• TASK GOAL:
Return all of the listing word for word; the pictures stay out.

• INPUT DATA:
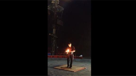 Kristian Kristof performed four pirouettes before catching a flaming cigar boxes using two cigar boxes.
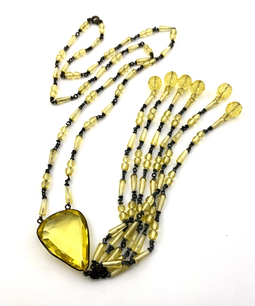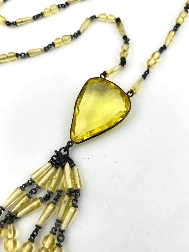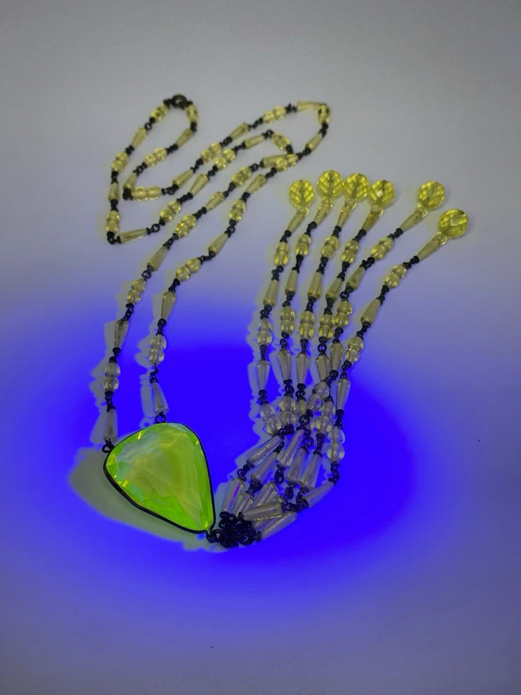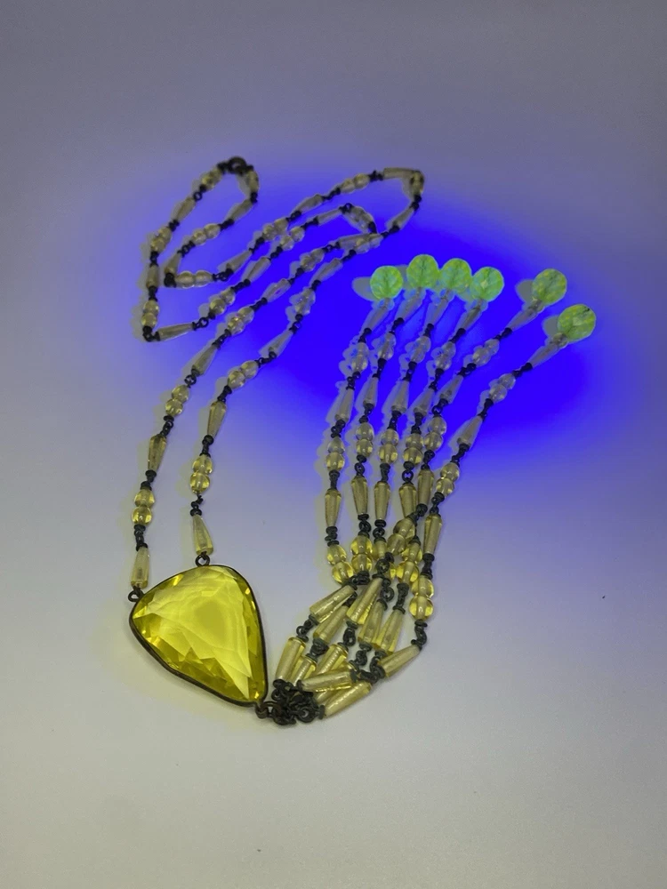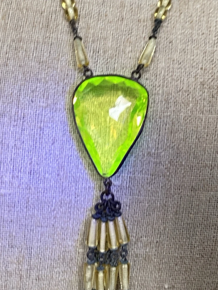 - Antique uranium (Vaseline) glass necklace
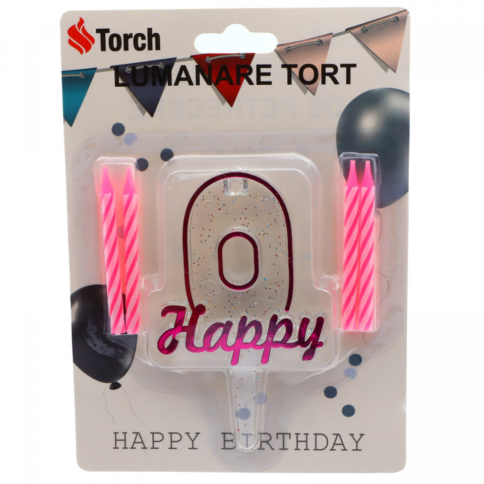 Set 4 buc, Lumanare aniversara,cu suport in forma de Cifra 0, pentru tort, Roz
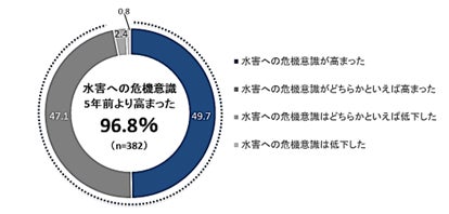 ●水害に対する意識について5年前と現在を比較した変化として、「危機意識が高まった」と回答した人は96.8%。

• THE ANSWER:
 Kristian Kristof performed four pirouettes before catching a flaming cigar boxes using two cigar boxes.
 - Antique uranium (Vaseline) glass necklace
 Set 4 buc, Lumanare aniversara,cu suport in forma de Cifra 0, pentru tort, Roz
 ●水害に対する意識について5年前と現在を比較した変化として、「危機意識が高まった」と回答した人は96.8%。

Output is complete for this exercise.